REQUIRED ACTION ->
Quote exactly, and only, the lines of the material below from the line with "Amplitude e sofisticação" through the line with "次は初公開となる15話をプレ".

MATERIAL PROVIDED ->
· · · · ·
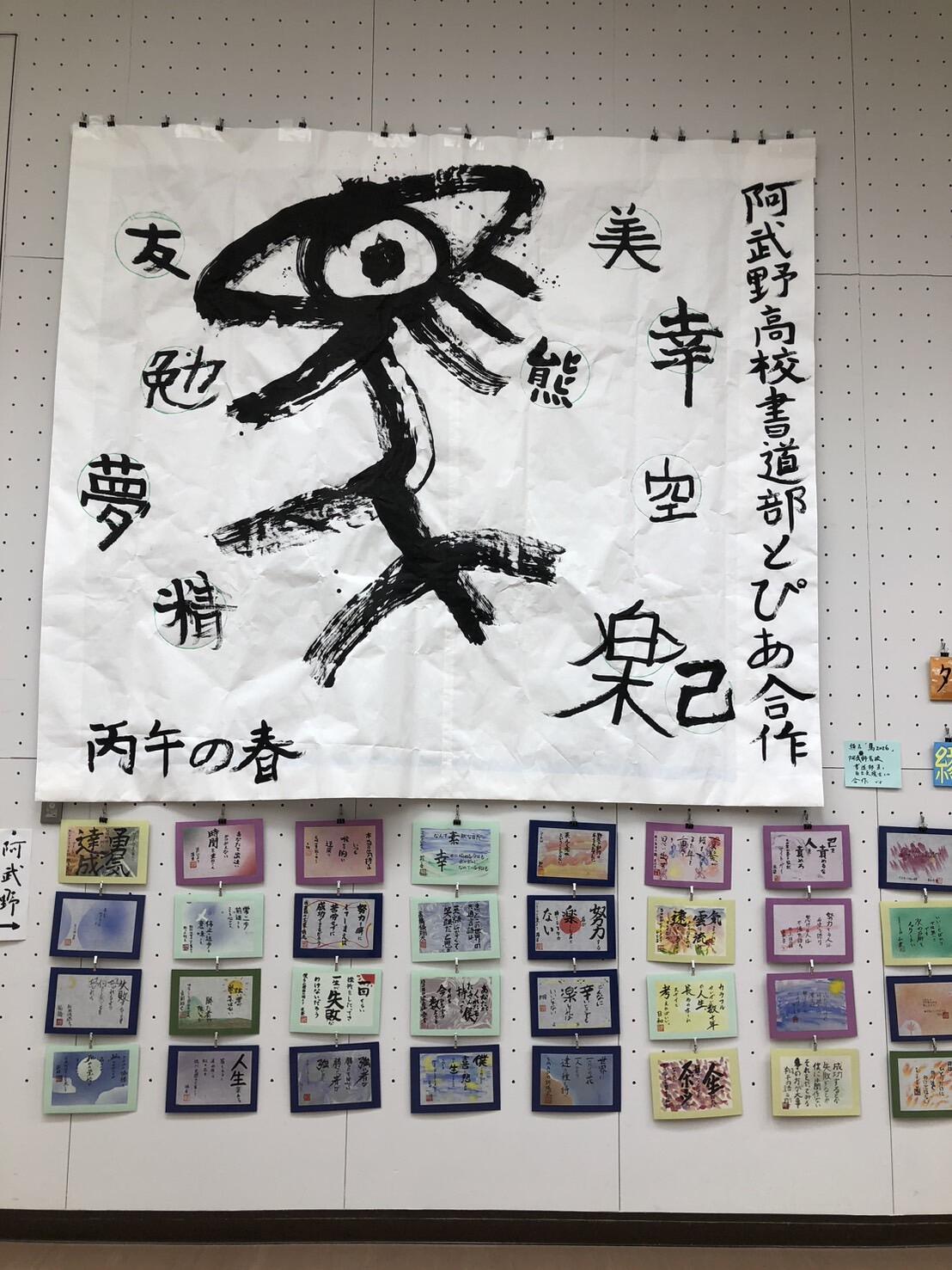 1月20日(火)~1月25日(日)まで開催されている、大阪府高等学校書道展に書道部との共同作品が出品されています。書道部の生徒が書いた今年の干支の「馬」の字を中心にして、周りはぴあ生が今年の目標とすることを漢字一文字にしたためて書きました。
· · · · ·
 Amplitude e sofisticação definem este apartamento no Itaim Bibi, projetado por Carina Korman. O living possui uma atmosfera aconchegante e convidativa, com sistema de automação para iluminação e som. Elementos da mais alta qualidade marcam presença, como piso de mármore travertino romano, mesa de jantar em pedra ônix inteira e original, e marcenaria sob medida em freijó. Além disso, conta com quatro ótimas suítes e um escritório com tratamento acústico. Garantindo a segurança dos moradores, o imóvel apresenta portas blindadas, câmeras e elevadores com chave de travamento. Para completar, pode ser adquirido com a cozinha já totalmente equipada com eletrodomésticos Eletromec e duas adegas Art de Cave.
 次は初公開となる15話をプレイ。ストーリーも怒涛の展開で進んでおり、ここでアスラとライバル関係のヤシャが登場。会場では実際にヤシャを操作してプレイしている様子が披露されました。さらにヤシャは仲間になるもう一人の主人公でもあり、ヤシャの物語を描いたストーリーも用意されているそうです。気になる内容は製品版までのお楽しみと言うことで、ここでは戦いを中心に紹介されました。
· · · · ·
WRITTEN RESPONSE ->
 Amplitude e sofisticação definem este apartamento no Itaim Bibi, projetado por Carina Korman. O living possui uma atmosfera aconchegante e convidativa, com sistema de automação para iluminação e som. Elementos da mais alta qualidade marcam presença, como piso de mármore travertino romano, mesa de jantar em pedra ônix inteira e original, e marcenaria sob medida em freijó. Além disso, conta com quatro ótimas suítes e um escritório com tratamento acústico. Garantindo a segurança dos moradores, o imóvel apresenta portas blindadas, câmeras e elevadores com chave de travamento. Para completar, pode ser adquirido com a cozinha já totalmente equipada com eletrodomésticos Eletromec e duas adegas Art de Cave.
 次は初公開となる15話をプレイ。ストーリーも怒涛の展開で進んでおり、ここでアスラとライバル関係のヤシャが登場。会場では実際にヤシャを操作してプレイしている様子が披露されました。さらにヤシャは仲間になるもう一人の主人公でもあり、ヤシャの物語を描いたストーリーも用意されているそうです。気になる内容は製品版までのお楽しみと言うことで、ここでは戦いを中心に紹介されました。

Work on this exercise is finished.